There’s also the baroque Wurlitzer-like nursery rhyme of ‘Bend & Fall’, while – like her ‘autumnal hymnal’, ‘Lisa’ – ‘The Reaper’ is another fine example of a song containing a broody feel and providing a real slow-build, its strings grabbing me part-way in, taking us somewhere else I wasn’t expecting.

“Ha! Yeah, that’s my genius partner.”

Incidentally, of ‘Lisa’, we learn that it was one of the first, more fictional tracks written for the record, from the viewpoint of the sea, watching the protagonist pass by day after day, offering a metaphorical reflection on the natural world around us.

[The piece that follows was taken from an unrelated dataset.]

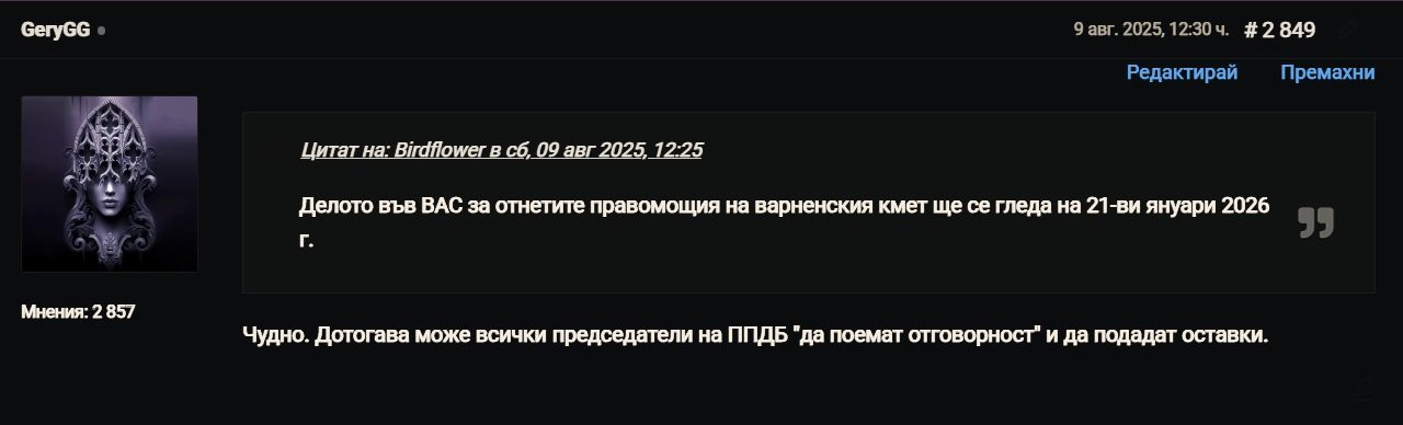 Може ли администратор, триещ мненията в "Политиката в България", да обясни защо заради явните си политически и лични пристрастия и в разрез с кои правила на форума е изтрил следното ми мнение?

Dana adds, “We don’t realise we are surrounded by all this beauty; we’re shut up inside, rushing to get to work, buying books online without ever leaving home. It’s about focus, recognising what’s in front of you”.

Then there’s the closing song, the atmospheric ‘Knowing to Trust’. I don’t know if he’s on her radar, I ask, but I half-expected cult late Scottish poet Ivor Cutler’s voice to come in over the organ.

“Oh, that’s lovely! That would have been really beautiful. His voice is just … I don’t know a lot of his music, but I have a few songs that I really love of his.”

Maybe you should sample him next time.

“Yeah, definitely.”

Hopefully, this time around she’ll get to properly tour the album. Having previously toured with Porridge Radio, Damian Jurado and Chris Cohen, she managed a mini-tour of festivals and such like last time (eventually), but this should be her first headline tour, starting in Brighton on February 27th, carrying on via Scotland to mainland Europe, this time featuring an expanded five-piece line-up (including regular bandmates Dimitrios Ntontis, who also features on the new LP, and / composer/ filmmaker/ chanteuse Clémentine March).

“Yeah, this is the one that was supposed to happen last March.”

Does that mean you have a big, two-album set lined up for us this time, voice willing?

“Yeah, I’m really excited. We have a five-piece that we’re touring with. And maybe in London, we’ll have some violinist and maybe a saxophonist join us.”

I’m hoping to get along to the Deaf Institute, so bring them up to Manchester too.

“Ah, yeah. I’ll have to find somebody that can maybe join. We’ve all been really, really looking forward to it.”

And seeing as we mentioned Cerys Matthews early on, I should mention further support from BBC 6 Music, not least making debut LP Yesterday is Gone its album of the week, and from past sessions for Marc Riley, a big supporter.

“Ah, definitely. I’m very touched by their support, and we’ll be on Marc’s show early on February 22. He’s been such an awesome presence.”.

Dana Gavanski, with support from Naima Bock, visits Manchester’s Deaf Institute on Thursday, March 3. For details of that and other dates, visit her website. You can also keep in touch via Facebook, Instagram, and Twitter.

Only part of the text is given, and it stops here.